Exploring the Depths: An Overview of Oceanography and Its Subdisciplines

The study of the ocean’s various features is known as oceanography. A vast range of subjects are covered by oceanography, including seafloor geology, currents and waves, marine life and ecosystems, and sediment transport.

Oceanography is an interdisciplinary field of study. The characteristics and functions of the ocean work together. The kinds of creatures that dwell in water are influenced by its chemical composition, for instance. In return, organisms contribute sediments to the seafloor’s geology. To investigate certain subjects or subdisciplines, oceanographers need to possess a comprehensive comprehension of these connections.

Subfields within Oceanography

The wide range of issues covered by oceanography can be broadly divided into four subdisciplines. A subdiscipline is a more focused area of study within a larger discipline or subject. The biological, physical, geological, and chemical processes that occur in the marine environment are the areas of expertise for oceanographers.

Biological Oceanography

The study of how oceanography’s subdisciplines interact to affect the distribution and abundance of marine plants and animals, as well as how marine creatures behave and evolve in response to their surroundings, is the focus of biological oceanographers. Biological oceanographers include fishery scientists and marine biologists.

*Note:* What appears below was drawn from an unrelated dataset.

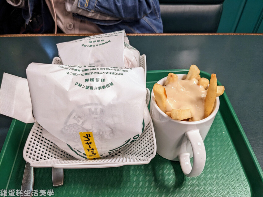 雞蛋糕短評:來到函館必吃的美食之一,漢堡內的雞肉細嫩多汁,醬汁也很夠味不死鹹,薯條也很酥,沾著起司和紅醬食用。
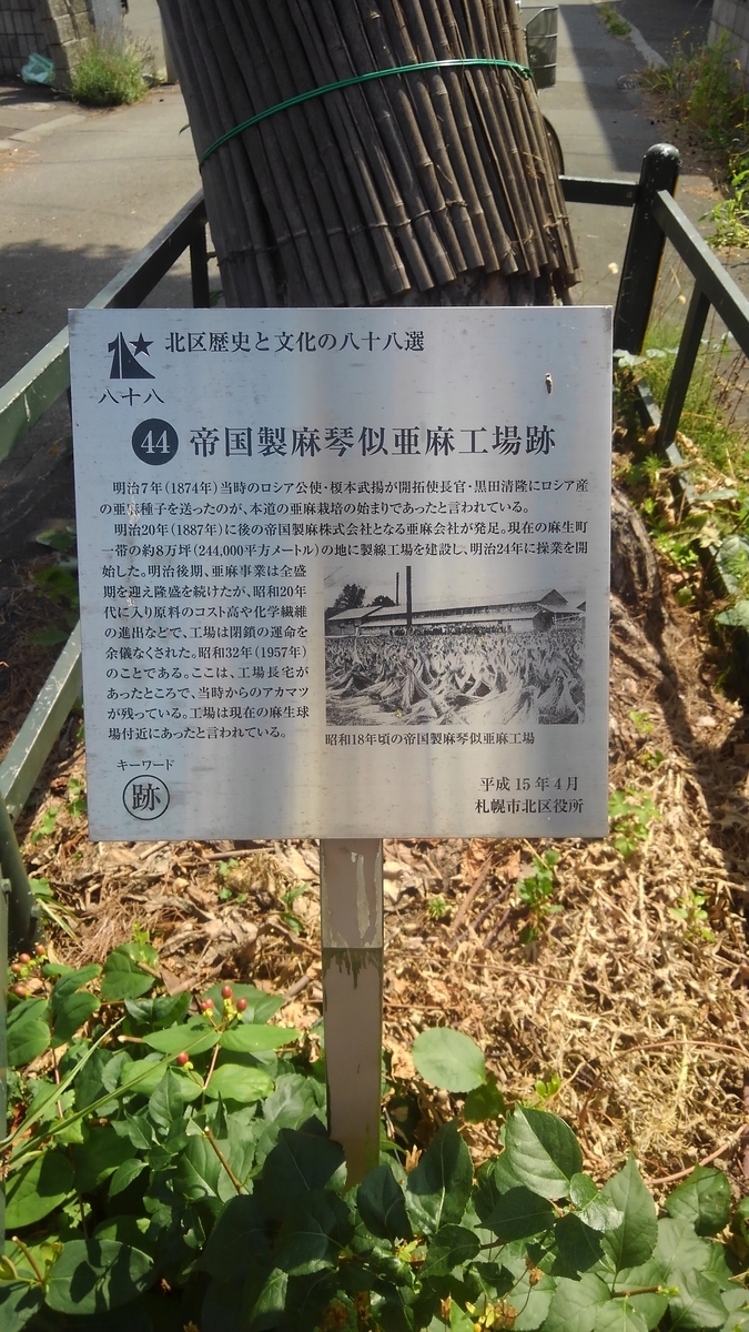 1887年北海道製麻株式会社が発足。1891年新琴似番外地であった現在の麻生地区に製線工場が建設。屯田兵たちも契約終了による官給打切後、勤務するようになる。

The adaptation of organisms to environmental changes, such as rising pollution levels, warming waters, and man-made and natural disruptions, is another area of study for biological oceanographers. An underwater volcano erupting or a hurricane are examples of natural disturbances; overfishing or an oil spill are examples of anthropogenic disturbances.

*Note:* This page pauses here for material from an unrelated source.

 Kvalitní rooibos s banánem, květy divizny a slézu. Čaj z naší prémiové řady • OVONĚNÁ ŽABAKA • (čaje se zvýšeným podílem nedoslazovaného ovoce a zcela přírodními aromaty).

The whale and dolphin species (cetaceans) that inhabit the Pelagos Sanctuary in the northwest Mediterranean Sea are the subject of the Cetacean Sanctuary Research Project, a marine biology initiative. These species are threatened by a variety of human activities, including heavy maritime traffic, urban pollution, and oil and gas exploitation. Oceanographers believe that by studying cetacean behavior in this high-pressure setting, they can save marine species found in the Pelagos and highlight their significance to the local coastal community.

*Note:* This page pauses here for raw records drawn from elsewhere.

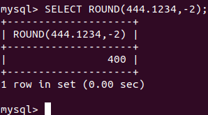 The output clearly shows that the value rounds off on the left side of the decimal place. As the decimal places up to which we have to round are -2, two digits from the left are made zero, while the third digit depends on the value of the second digit. If the value of the second digit is greater than or equal to 5, then increase the value of the third digit by one. Otherwise, do nothing. It stays the same.
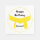 Personalize o Papel de Aniversário do Cinturão Amarelo de Artes Marciais Napkins com o nome do seu atleta marcial, menino ou menina do dia a dia. Esses bonitos guardanapos descartáveis de dia de artes marciais personalizados apresentam um design de cinto amarelado com fundo branco.
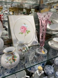 さて、今回のスタッフおすすめは、華やかなピンクのバラの陶板と優しいピンクのクリスタル一輪挿しの組み合わせです。

Oceanographers track these species’ geographic location, migrations, and group size to gain a comprehensive understanding of them and their behavior. To learn more about how cetaceans interact with other marine animals and with one other, researchers record vocalizations, breathing patterns, and surface and aerial displays. Samples of skin and feces are examined to provide data on eating, drinking, and social behaviors. One of the largest data sets on marine animals in the Mediterranean Sea has been gathered by the Cetacean Sanctuary Research Project.

Biological oceanographers have more opportunities thanks to new technology. Marine resources are used in the field of marine biotechnology to create new industrial, medicinal, and ecological products.

Researchers can comprehend, extract, and create biological features of marine organisms through a technique known as biomimicry. Strong anti-cancer effects are exhibited by natural chemicals that are present in corals and other marine species. Superabsorbent materials that could be utilized to mop up oil spills are being produced using proteins found in bacteria and marine algae. Genetically modified marsh plants have been used to develop land crops that can withstand salt.

Since over 80% of all living things on Earth are marine species, the practical possibilities of this research are virtually limitless.

Physical Oceanography

In physical science, physical oceanographers investigate the connections between the bottom, coast, atmosphere, and physical characteristics of the ocean. They look into the currents, waves, tides, density, and temperature of the ocean. They also concentrate on how the ocean and Earth’s atmosphere combine to create our weather and climate systems.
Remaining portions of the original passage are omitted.